§ TASK DETAILS:
Starting with the line with "서귀포 치킨 맛집 토평치킨" in the entries below and going on through the line with "WIECZORNE SPRZĄTANIE BIUR", output every line exactly and nothing more. No pictures.

§ RECORDS SUPPLIED:
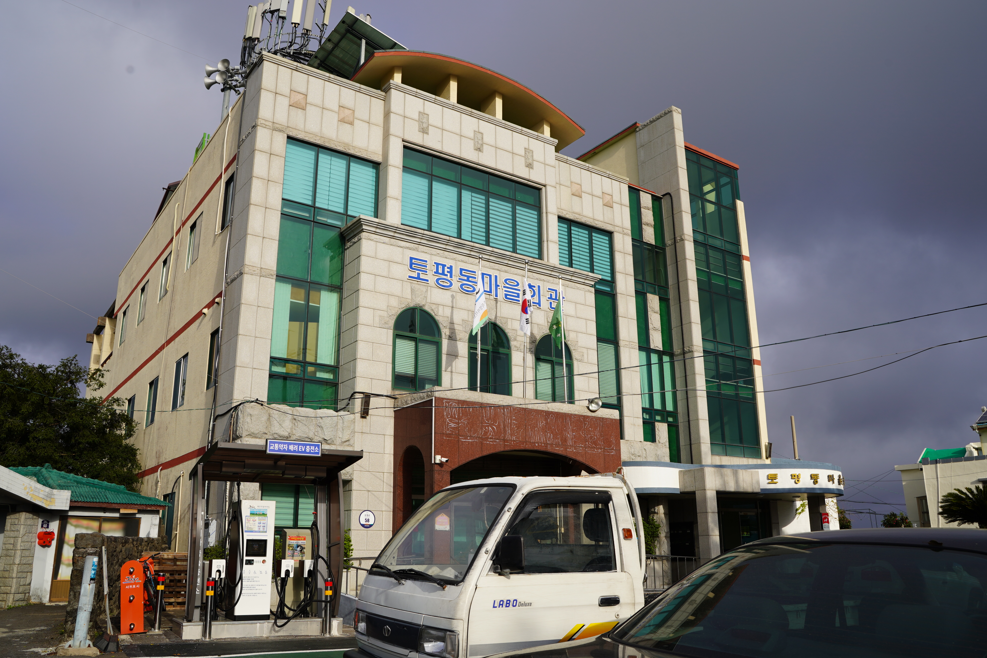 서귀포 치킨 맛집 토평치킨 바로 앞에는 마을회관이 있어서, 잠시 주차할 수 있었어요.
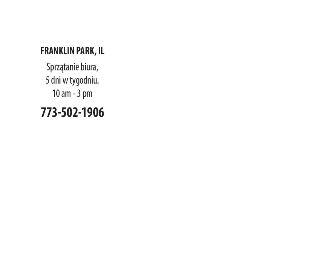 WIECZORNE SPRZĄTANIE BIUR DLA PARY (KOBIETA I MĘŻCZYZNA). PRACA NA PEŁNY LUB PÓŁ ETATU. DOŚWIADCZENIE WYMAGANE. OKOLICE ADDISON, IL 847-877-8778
...
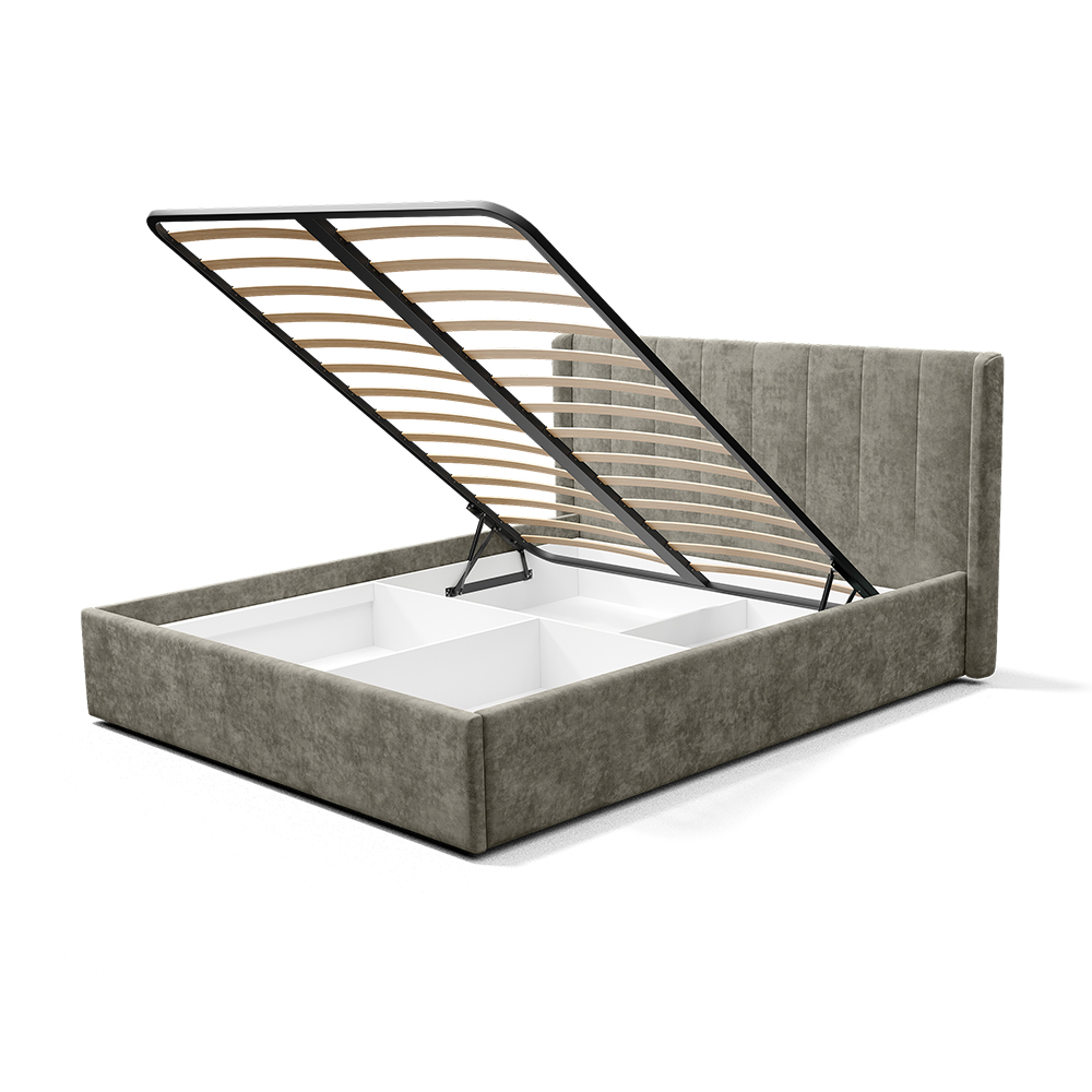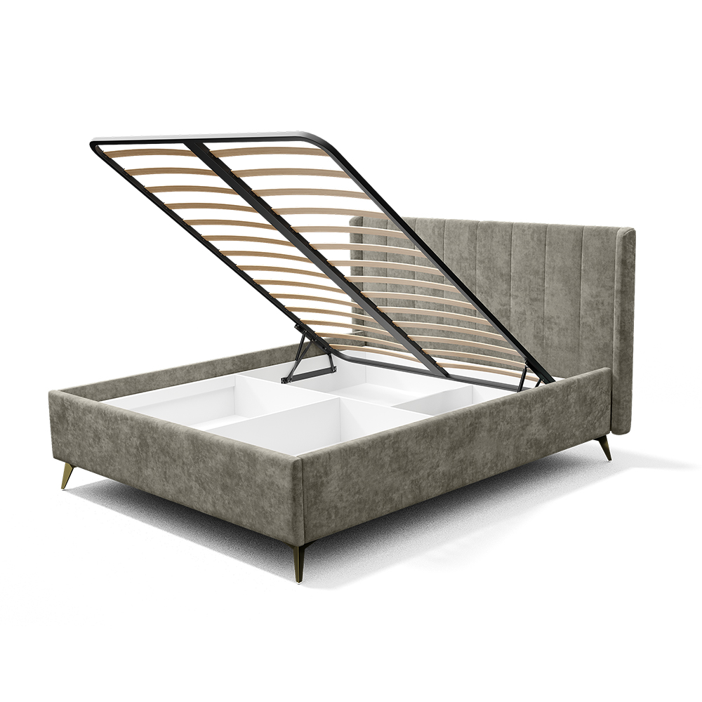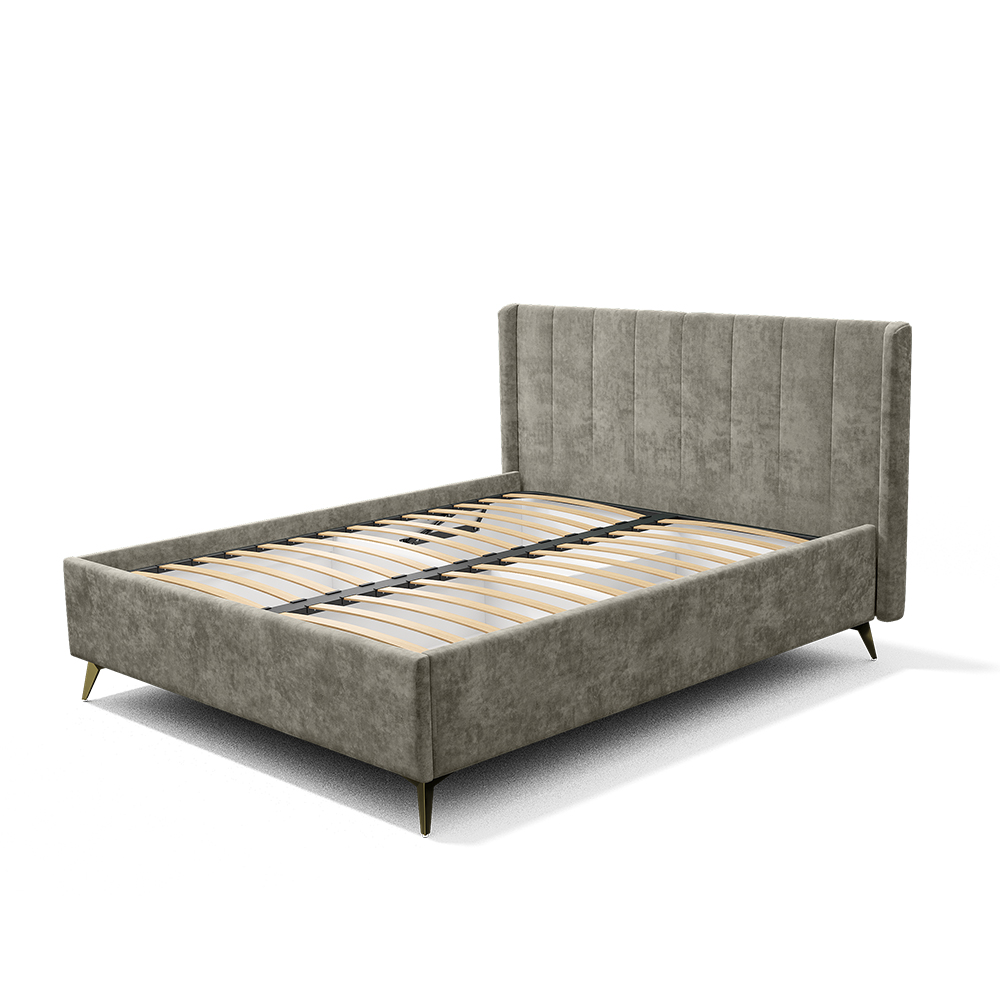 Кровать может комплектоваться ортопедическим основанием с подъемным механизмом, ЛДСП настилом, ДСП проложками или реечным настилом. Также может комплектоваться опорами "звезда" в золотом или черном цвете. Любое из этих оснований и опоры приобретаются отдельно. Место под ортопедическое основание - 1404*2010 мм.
--
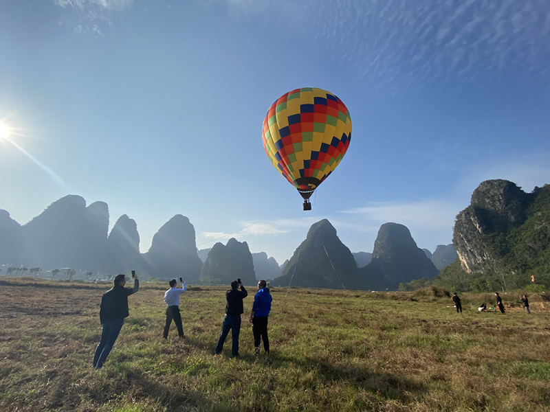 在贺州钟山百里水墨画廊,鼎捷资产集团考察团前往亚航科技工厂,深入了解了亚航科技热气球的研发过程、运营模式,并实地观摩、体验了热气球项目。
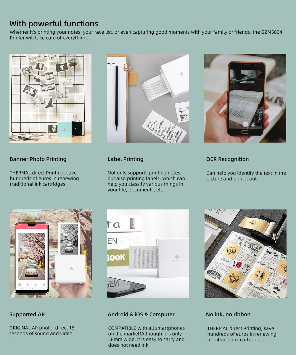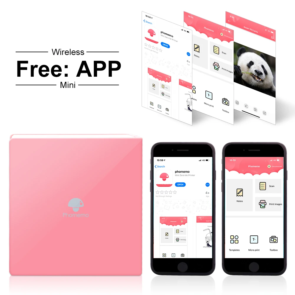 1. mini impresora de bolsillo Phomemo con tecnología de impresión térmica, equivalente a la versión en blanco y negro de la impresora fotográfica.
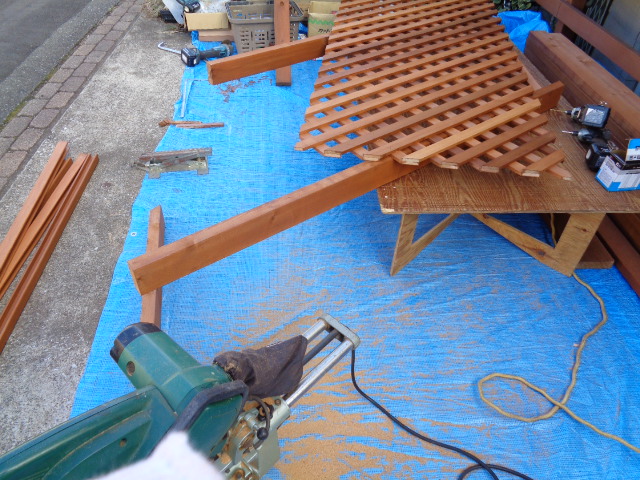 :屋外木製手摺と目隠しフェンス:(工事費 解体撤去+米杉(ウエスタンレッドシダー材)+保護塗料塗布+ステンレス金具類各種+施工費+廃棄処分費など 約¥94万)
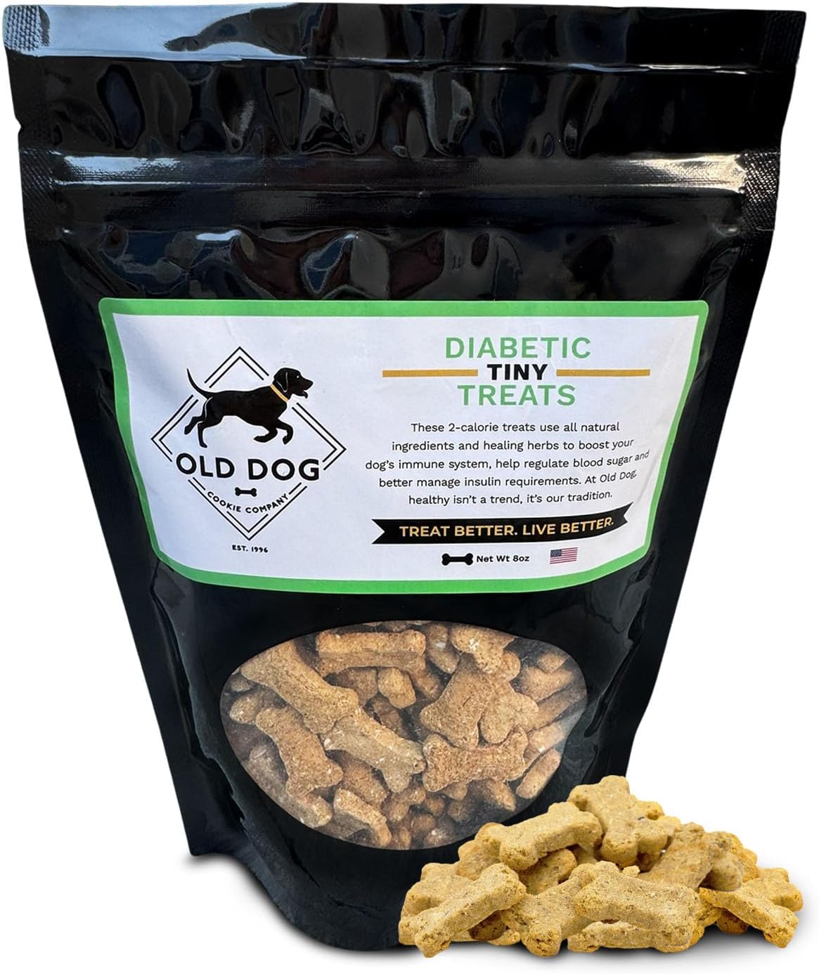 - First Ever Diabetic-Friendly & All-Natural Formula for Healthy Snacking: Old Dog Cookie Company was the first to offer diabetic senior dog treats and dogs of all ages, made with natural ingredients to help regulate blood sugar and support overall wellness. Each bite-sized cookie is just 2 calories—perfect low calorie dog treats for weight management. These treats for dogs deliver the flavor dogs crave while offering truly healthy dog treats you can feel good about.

§ ANSWER BELOW:
 서귀포 치킨 맛집 토평치킨 바로 앞에는 마을회관이 있어서, 잠시 주차할 수 있었어요.
 WIECZORNE SPRZĄTANIE BIUR DLA PARY (KOBIETA I MĘŻCZYZNA). PRACA NA PEŁNY LUB PÓŁ ETATU. DOŚWIADCZENIE WYMAGANE. OKOLICE ADDISON, IL 847-877-8778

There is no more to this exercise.